Recent criticism of the Federalist Society for hosting some all-male panels and conferences is, as Eugene explains, seriously misguided. As Eugene implies, the main goal for a conference or panel (in addition to quality) should be ideological and viewpoint diversity. Gender, like race and religion, sometimes correlates with ideological orientation and can serve as a crude proxy for it. However, in the case of academic panels and conferences, there is no need to use such a proxy because the views of potential participants can be much more accurately inferred from their previous writings and public statements. For example, I was invited to be on one of the panels at the Bork conference criticized by Eric Muller and Mary Dudziak because, as a libertarian, I strongly disagree with Judge Bork's proposals for government regulation of culture, which were the subject of the panel. The organizers could have relied on the crude proxy that most Russian Jewish immigrants and most atheists are more socially liberal than Bork is. However, they rightly relied instead on my publicly expressed views on the subject, which are a much more accurate indication of my position than my ethnicity, gender, or religious orientation.

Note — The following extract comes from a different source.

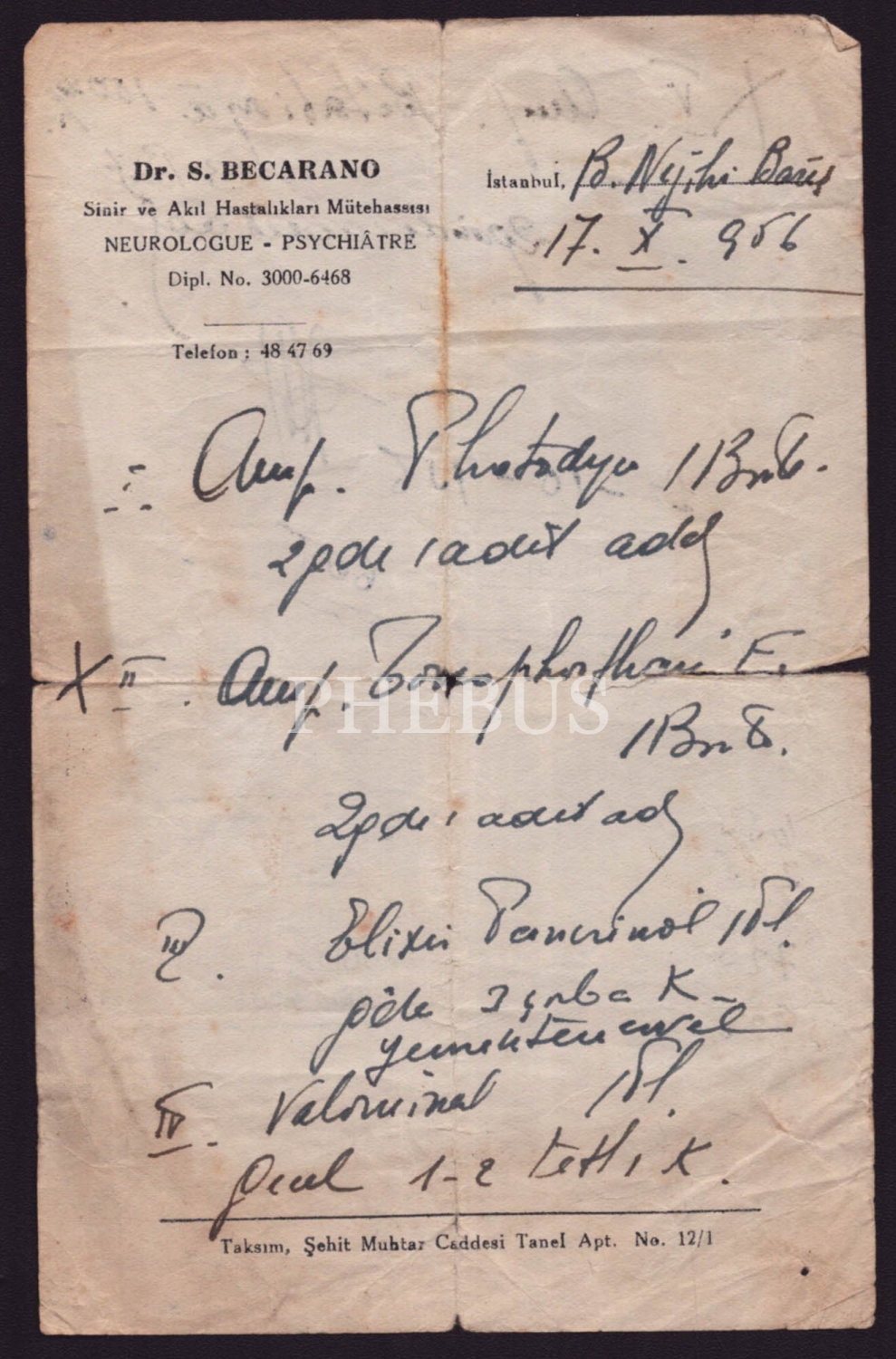 Sinir ve Akıl Hastalıkları Mütehassısı Dr. S. Becarano antetli reçete, 17 Ekim 1956, 13x20 cm...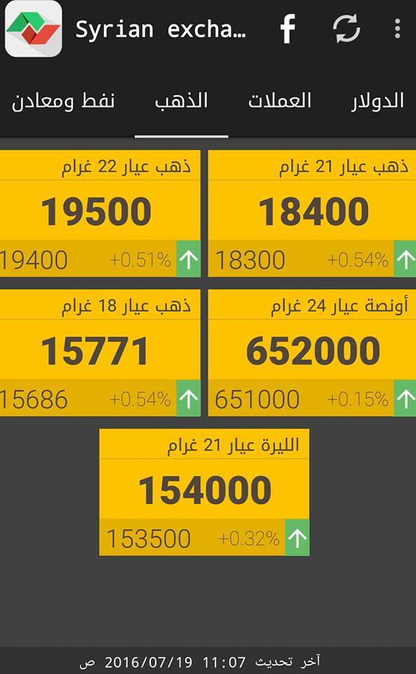 اعتمدت جمعية الصاغة بدمشق، السعر 491 ليرة، كسعر لـ "دولار الذهب"، الذي احتسبت على أساسه سعر الذهب محلياً. وهو سعر قريب جداً من سعر الدولار في السوق السوداء.

A second problem is that it is dangerous to infer an organization's general policies from the composition of one or two individual panels. For example, Professor Dudziak criticizes the Federalist Society for organizing an all-male panel on the Supreme Court's terrorism cases. However, the rival liberal American Constitution Society has also held an all male panel on terrorism jurisprudence. Are they somehow biased against women as well? A more comprehensive analysis of Fed Soc panels would almost certainly reveal that women are represented in rough proportion to their general presence among elite lawyers and legal academics (in both of which groups women are still significantly less than 50% of the relevant population), with probably some additional disparity from the fact that there are proportionately fewer women among conservative and libertarian legal scholars than among liberal and left-wing ones. The latter is partly a function of the fact that women in general are somewhat more liberal than men, and partly a result of the reality that ideological gap between male and female legal academics is considerably greater than in the general public, with female Republicans being the most underrepresented group on law school faculties relative to their proportion of the general population. Although the Federalist Society tries hard to find liberal and left-wing speakers for most of its events, it is logical that conservative and libertarian speakers would be disproportionately represented at events sponsored by what is after all a conservative and libertarian organization.
Finally, Prof. Muller faults the Federalist Society for having a "male President, Senior Vice President, and Executive Vice President." However, Fed Soc Senior Vice President Lee Liberman Otis (one of the founders of the organization) is in fact a woman. The Fed Soc website Muller links to lists not only Otis, but quite a few other women in Fed Soc leadership positions. Many women serve in other prominent Fed Soc roles not listed at that particular site. For example as board members of the Society's practice groups on various issues. It is the practice groups (along with local chapters) that organize most Fed Soc-sponsored events. The Federalism and Separation of Powers Practice Group board has usually had 2-3 female members out of 6 or 7 total during the year that I have been a member of it myself.
Personally, I don't much care how many women are in the Fed Soc leadership (so long as female candidates are considered on the same criteria as men), except in so far as a higher figure might increase the appeal of libertarianism and small government conservatism to women more generally. However, it is wrong to suggest that the Fed Soc somehow excludes women from leadership roles or as panel speakers.
UPDATE: I see that Prof. Muller has acknowledged the error about Otis in an update to his original post. He was, perhaps, misled by her first name ("Lee"), which is more commonly a male name.